Testing for the Significance of Cost Drivers Using Bootstrap Sampling
Most regression-based statistical modeling aims to derive, on the basis of historical data, an algebraic expression for estimating a quantity of interest, such as cost. Such an algebraic expression is characterized by one or more “fit parameters,” which are typically coefficients or exponents. Once these fit parameters are determined, it is a logical next step to test for their accuracy by a process called “statistical inference.” The fit parameters of a cost-estimating relationship (CER) are each directly linked to a candidate cost driver. The inference process may lead to some fit parameters being judged “significant” and others “not significant,” where “significance” refers to the extent to which their respective associated cost drivers impact the cost estimates made using the CER. Cost drivers associated with fit parameters that are judged to be not significant can (and should) be removed from the algebraic expression for the CER without sacrificing any estimating capability. Furthermore, the ability to remove insignificant cost drivers from a CER can be valuable, because fewer fit parameters means more degrees of freedom, and that can be important when only a small number of data points are available. Thus it is important to be able to eliminate the insignificant cost drivers from a CER.
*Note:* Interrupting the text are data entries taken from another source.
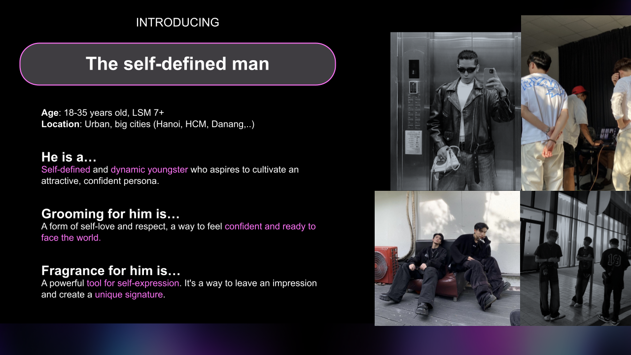 Context: - Men’s shower gel market is growing fast, fragrance is the #1 purchase driver for men. - Gap in market: current options are either low-quality mass scents or expensive premium products.
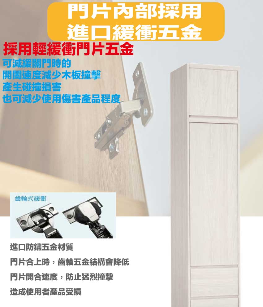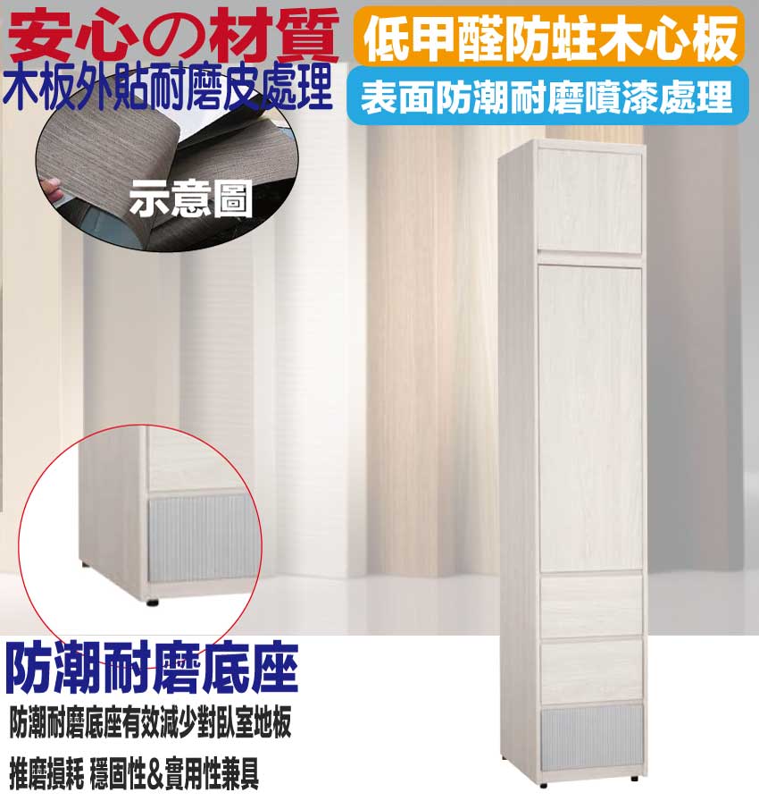 材質:防蛀木心板+防潮MDF板材(灰色耐磨面板)+防潮耐磨腳座+防夾手緩衝門片五金+五金滑軌結構
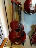 Gibson began in 1894 in his home workshop in Kalamazoo, Michigan, and patented his idea for mandolins in 1898.[5] With no formal training, Gibson created an entirely new style of mandolin and guitar that followed violin design, with its curved top and bottom carved into shape, rather than pressed or bent, arched like the top of a violin.[6] He applied for and was granted a patent on the design.[7] The sides too were carved out of a single block of wood, rather than being made of bent wood strips.[5] More importantly, they were louder and more durable than contemporary fretted instruments, and musicians soon demanded more than he was able to build in his one-man shop.

Because of the strict mathematical assumptions underlying ordinary least squares (OLS) linear regression, explicit formulas for fit parameters, significance testing and confidence bounds can be established. However, if any of the OLS assumptions do not apply, inferences based on those formulas are unreliable. This situation has led cost analysts to understand the need for general-error regression. Up to now, analysts have been concerned only with the quality of the estimating process itself, and have been ignoring the need to assess the significance of the fit parameters and cost drivers. Recently, however, researchers have begun to slowly realize this shortcoming and have started to explore avenues for filling the gap. In a paper entitled, “A Distribution-Free Measure of the Significance of CER Regression Fit Parameters Established Using General Error Regression Methods,” (Journal of Cost Analysis and Parametrics, Vol. 2, Issue 1, Summer 2009, pages 7-22), T.P. Anderson proposed some “heuristic” techniques of assessing the significance of the fit parameters.
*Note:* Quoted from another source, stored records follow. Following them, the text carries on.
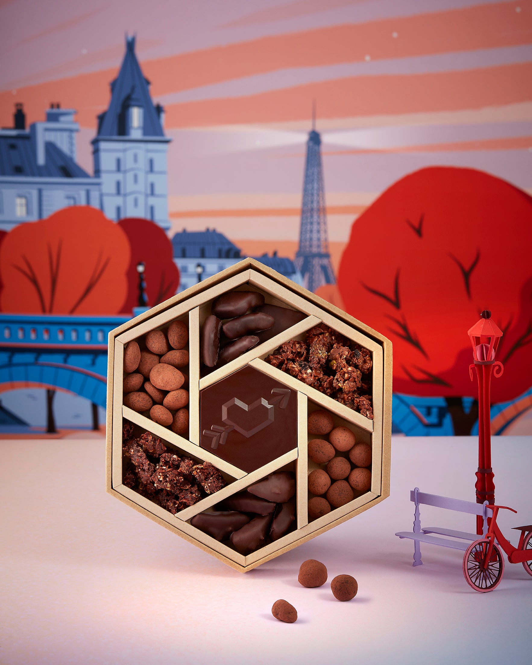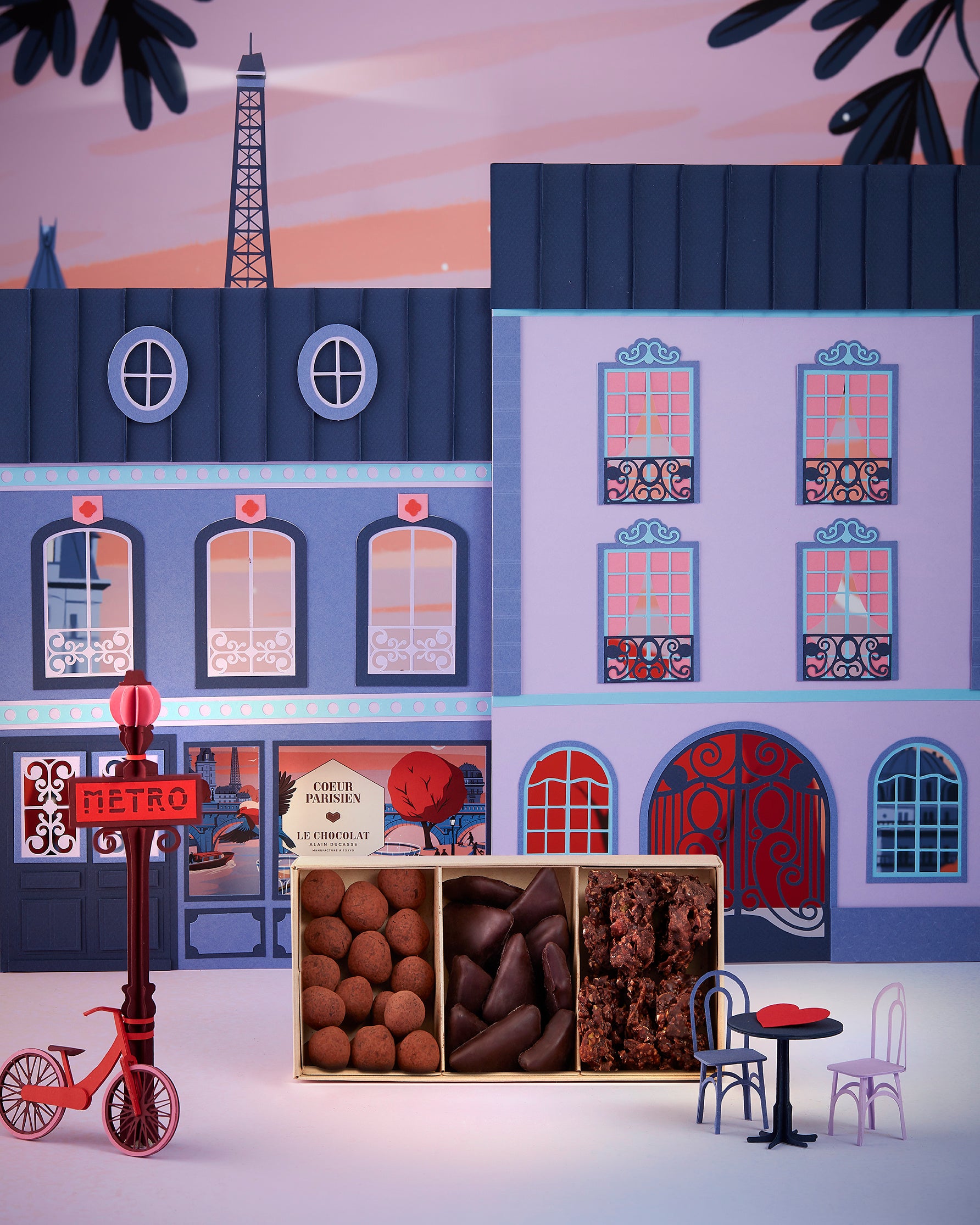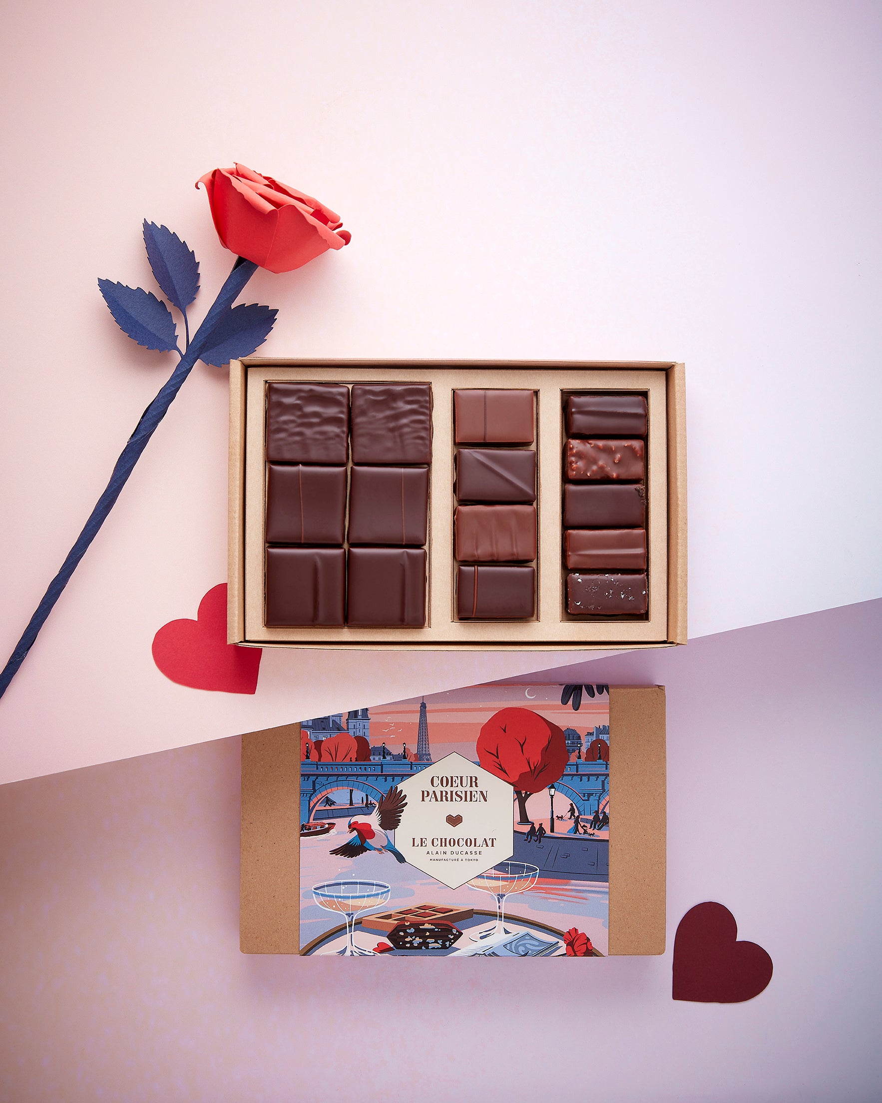 パッケージは、フランスの人気イラストレーター Paul Sirand(ポール・シラン)によるデザイン。セーヌ川のほとりでカクテルとショコラを楽しむパリらしい情景を描き、ときめきと洗練が響き合う世界観を演出しています。
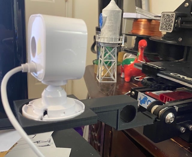 This camera mount is specifically designed to provide an optimal placement for your Blink Mini indoor camera on an Ender 3 3D printer. It eliminates the need for temporary solutions and offers a dedicated and stable mounting point for effective monitoring of your prints.
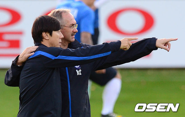 축구대표팀 슈틸리케 감독과 신태용 코치가 7일 오후 파주 NFC(국가대표 트레이닝센터)에서 훈련중 이야기를 나누고 있다.

Anderson calls his method heuristic, because it is not determined by strict mathematical calculations. Instead, we will apply bootstrap sampling, a method that can approximate the mathematics of statistical inference procedures and that was recently applied to the case of prediction bounds for CERs derived by general-error regression, another situation where explicit formulas exist for OLS CERs but not for general-error CERs. (See the briefing by S.A. Book, “Prediction Bounds for General-Error-Regression CERs,” 39th Annual DoDCAS, Williamsburg VA, 14-17 February.) The bootstrap is a data-based method that does not require any OLS-like distributional assumptions or explicit formulas. In this paper, we specifically look at constructing approximate bootstrap-based statistical tests to assess the significance of CER fit parameters and their associated cost drivers, allowing conclusions to be drawn regarding which candidate cost drivers are significant and which are not.
Daniel I. Feldman is a Cost Analyst at MCR, LLC. Since joining MCR in early September 2005, he has worked on developing new techniques for deriving CERs and for examining their significance. He has also worked on launch and space vehicle modeling and trade-study analysis. Mr. Feldman earned his B.S. in mathematics in June 2005, with concentration in statistics, at the University of California, Irvine, and his M.S. in applied statistics at California State University, Long Beach. He wrote his master’s thesis on the subject of bootstrap sampling.